● **Action item**: Line by line, the data below should be set down unchanged, with images excluded.

● **Data segment**:

*** Block opens ***

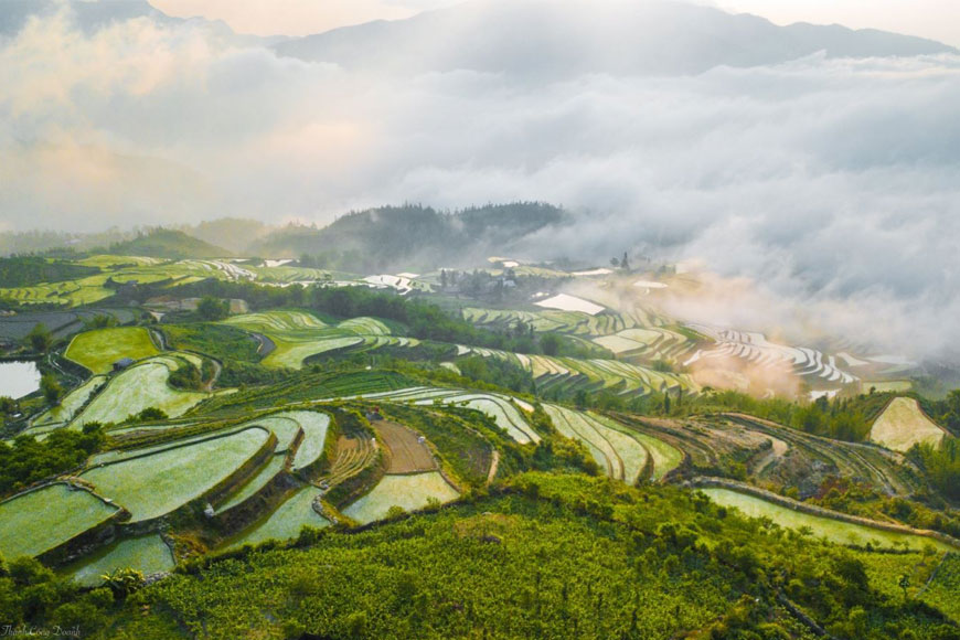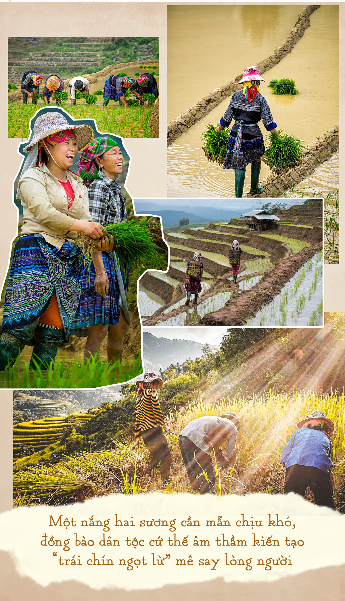 Nếu bạn chưa biết, hình ảnh ruộng bậc thang gắn liền với sức mạnh tập thể cùng bản tính khai khẩn chịu khó của đồng bào người dân tộc nơi đây. Mọi thứ vô tình tạo nên kiệt tác nghệ thuật kỳ vỹ giữa núi rừng đại ngàn, men theo những vách núi quanh co hiểm trở còn có lớp phù sa màu mỡ, đem lại nguồn nước tưới xanh ngát cho thửa ruộng. Không phải tự nhiên ruộng bậc thang ở đây đẹp đến thế, nếu không có bàn tay kiến tạo khéo léo của con người.
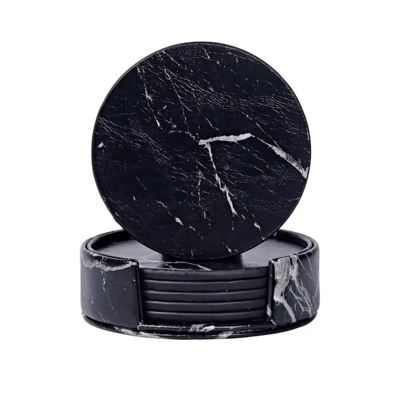 6 шт./компл. круглые квадратные подставки для напитков из искусственной кожи с мрамором, подставки для чашки, подставка для кухонной посуды
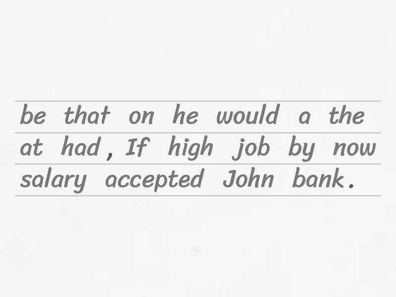 If John had accepted that job at the bank, he would be on a high salary by now., Sarah wouldn’t be at this school now if her parents hadn’t moved to this town two years ago., If I didn’t like meat, I wouldn’t have ordered it from the menu last night., If Tom hadn’t lost his iPad, he wouldn’t be looking miserable., If Alan hadn’t been rude to Ann, she would like him., If I liked animated films, I would have watched Cinderella., If the television had not broken, we would watch the game this weekend., If the Browns weren’t on holiday, they would have visited their neighbours., If I had learnt to play the violin, I would be in an orchestra now., If Kate wasn’t learning Portuguese, she wouldn’t have spent two weeks in Lisbon., If Jeremy was/were fit, he would have finished the race., If Paul didn’t believe you, he would have left you.,
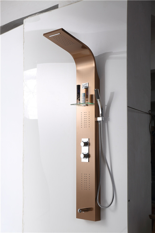 그것은 샤워 란, 부드럽게 한 유리제 선반설치, 샤워 믹서 꼭지, 머리 샤워, 손 샤워, 뒤 안마 제트기, 1.5m 스테인리스 고무줄 호스로 이루어져 있습니다. 주요 물자는 304# 스테인리스입니다. 고품질 스테인리스 materail, 그것에는에 감사 우수한 내식성 및 열저항이 있고, 훨씬 튼튼합니다 및 쉽지 않게 개악입니다. 샤워 패널은 5개의 형태가 있습니다: 강우와 최고 샤워 꼭지에 의하여 제공한 폭포 샤워; 뒤 제트기에서 수평한 안마 살포 (정상은 살포하기 위하여 아래로 분할되고); 손 샤워 whith 소형 샤워 꼭지는, 긴 탄력 있는 호스 당신이 몸 전체 융통성을 세척하는 것을 허용합니다; 아래로 꼭지에서 통 주둥이. 물을 주는 다양한 방법은 다른 사용자 요구를 만족시키고 몸을 완전히 세척합니다. 수온은 디지털 방식으로 온도 전시에 교대 faucst 그리고 쇼 정도에 온도 눈금으로 정확하게 통제될 수 있습니다. 온도 조절 장치 체계는 적당한 온도를 유지하고, 당신의 샤워 에너지를 만들고 위로합니다. 거기 편리한 패널에 유리제 선반설치가, 세면용품을 가지고 가고 두게 있습니다.

*** Block closes ***

● **Task response**:
 Nếu bạn chưa biết, hình ảnh ruộng bậc thang gắn liền với sức mạnh tập thể cùng bản tính khai khẩn chịu khó của đồng bào người dân tộc nơi đây. Mọi thứ vô tình tạo nên kiệt tác nghệ thuật kỳ vỹ giữa núi rừng đại ngàn, men theo những vách núi quanh co hiểm trở còn có lớp phù sa màu mỡ, đem lại nguồn nước tưới xanh ngát cho thửa ruộng. Không phải tự nhiên ruộng bậc thang ở đây đẹp đến thế, nếu không có bàn tay kiến tạo khéo léo của con người.
 6 шт./компл. круглые квадратные подставки для напитков из искусственной кожи с мрамором, подставки для чашки, подставка для кухонной посуды
 If John had accepted that job at the bank, he would be on a high salary by now., Sarah wouldn’t be at this school now if her parents hadn’t moved to this town two years ago., If I didn’t like meat, I wouldn’t have ordered it from the menu last night., If Tom hadn’t lost his iPad, he wouldn’t be looking miserable., If Alan hadn’t been rude to Ann, she would like him., If I liked animated films, I would have watched Cinderella., If the television had not broken, we would watch the game this weekend., If the Browns weren’t on holiday, they would have visited their neighbours., If I had learnt to play the violin, I would be in an orchestra now., If Kate wasn’t learning Portuguese, she wouldn’t have spent two weeks in Lisbon., If Jeremy was/were fit, he would have finished the race., If Paul didn’t believe you, he would have left you.,
 그것은 샤워 란, 부드럽게 한 유리제 선반설치, 샤워 믹서 꼭지, 머리 샤워, 손 샤워, 뒤 안마 제트기, 1.5m 스테인리스 고무줄 호스로 이루어져 있습니다. 주요 물자는 304# 스테인리스입니다. 고품질 스테인리스 materail, 그것에는에 감사 우수한 내식성 및 열저항이 있고, 훨씬 튼튼합니다 및 쉽지 않게 개악입니다. 샤워 패널은 5개의 형태가 있습니다: 강우와 최고 샤워 꼭지에 의하여 제공한 폭포 샤워; 뒤 제트기에서 수평한 안마 살포 (정상은 살포하기 위하여 아래로 분할되고); 손 샤워 whith 소형 샤워 꼭지는, 긴 탄력 있는 호스 당신이 몸 전체 융통성을 세척하는 것을 허용합니다; 아래로 꼭지에서 통 주둥이. 물을 주는 다양한 방법은 다른 사용자 요구를 만족시키고 몸을 완전히 세척합니다. 수온은 디지털 방식으로 온도 전시에 교대 faucst 그리고 쇼 정도에 온도 눈금으로 정확하게 통제될 수 있습니다. 온도 조절 장치 체계는 적당한 온도를 유지하고, 당신의 샤워 에너지를 만들고 위로합니다. 거기 편리한 패널에 유리제 선반설치가, 세면용품을 가지고 가고 두게 있습니다.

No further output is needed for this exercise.